Office Policies

We are pleased you have chosen Horizon Primary Care for your medical home. For over 17 years Horizon Primary Care has been dedicated to providing the most advanced primary care available in a friendly and nurturing environment. We appreciate your cooperation in following our office and financial policies, so that we may continue to provide the very best care to our patients. Our staff is always ready to assist you with any additional questions or concerns you may have.

Horizon Primary Care – Thornton

Monday: 8:30 a.m. – 6:00 p.m.
Tuesday: 8:30 a.m. – 6:00 p.m.
Wednesday: 8:30 a.m. – 6:00 p.m.
Thursday: 8:30 a.m. – 6:00 p.m.
Friday: 8:30 a.m. – 5:00 p.m.
Saturday: 9:00 a.m. – 12:00 noon(pediatrics only)

GREEN VALLEY RANCH- Pediatrics

Monday: 8:00 a.m. – 6:00 p.m.
Tuesday: 7:30 a.m. – 6:00 p.m.
Wednesday: 7:30 a.m. – 6:00 p.m.
Thursday: 8:30 a.m. – 5:00 p.m.
Friday: 7:30 a.m. – 6:00 p.m.
Saturday: 8:00 a.m. – 12:00 p.m.

 

GREEN VALLEY RANCH- Allergy & Asthma

Monday: 7:45 a.m. – 6:00 p.m.
Tuesday: 9:00 a.m. – 5:00 p.m.
Wednesday: 9:00 a.m. – 5:00 p.m.
Thursday: 9:00 a.m. – 5:00 p.m.
Friday: 9:00 a.m. – 5:00 p.m.
Saturday: Closed


Policies

Appointments

In order to stay on time and provide the most comprehensive care for our patients, we require that all appointments be scheduled. Please call our main number at 720-929-8300 to schedule an appointment at any of our offices. Our appointment line is open from 8:00am – 6:00pm Monday through Thursday, 8:00am – 5:30pm on Friday and 8:00am – 12 noon on Saturdays.

Please call during our business hours to cancel or reschedule an appointment. Our answering service does not take messages about scheduling or cancelling appointments.

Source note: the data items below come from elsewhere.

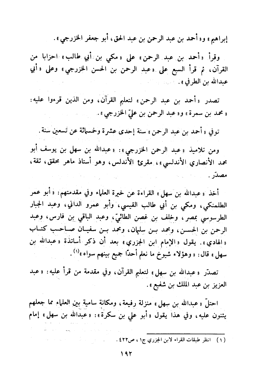 (¬1) انظر طبقات القراء لابن الجزري ج 1، ص 422.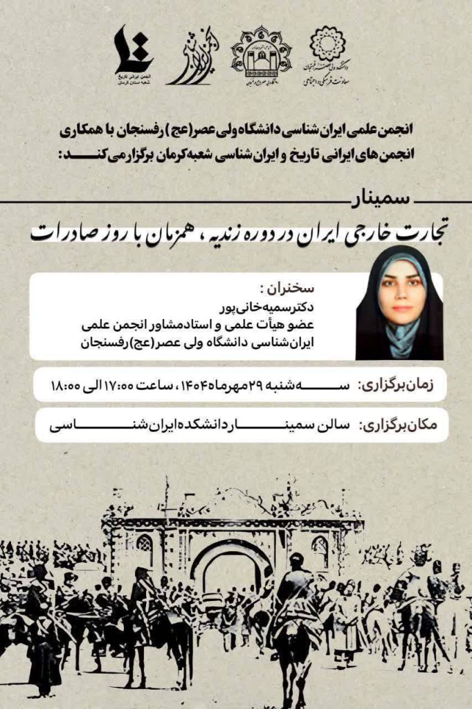 28 مهر اخبار, اخبار شعب انجمن, شعبه کرمان سخنرانی علمی تجارت خارجی ایران در دوره زندیه 28 مهر 1404 توسط history-admin 0 دیدگاه باهمکاری انجمن ایرانیتاریخ شعبه استان کرمان و به مناسبت روز صادرات برگزار میشود: سخنرانی علمی ...ادامه مطلب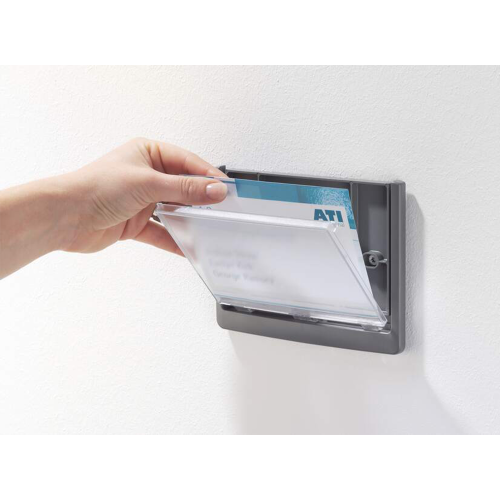 Irányítótábla, stílusosan megtervezett, lekerekített sarkokkal, így a modern design funkcióval párosul. Az insertek könnyedén cserélhetők az átlátszó panel kihúzásával. Ideális megoldás olyan helyeken, ahol az információkat gyakran kell cserélni, mint például hotelekben, konferencia termekben, kórházakban. Nyomtatható insertek külön kaphatók. Katalóguskód: 51743

Please be on time for your appointment. We request that you arrive 5-10 minutes early for your appointment to allow time for check-in. If you are late for a well-child visit, we may need to reschedule so that our providers stay on time for all patients. Our providers strive to stay on time during the day but sometimes emergencies or complicated care issues can happen. We thank you for your patience during these times.

We request that you give us 24 hours notice if you are unable to keep an appointment, so that we may open it to another patient. No-show appointments are charged a $35 fee and repeated no-shows may result in dismissal from the practice.

Please bring your insurance card and driver’s license and your required copayment to each visit.

Office Policies

In order to keep our offices clean, food and drinks are not allowed in our reception area or exam rooms.

We need your full attention at your child’s visit and request that you do not use cell phones in our office. You will be asked to turn your cell phone off if this becomes a problem.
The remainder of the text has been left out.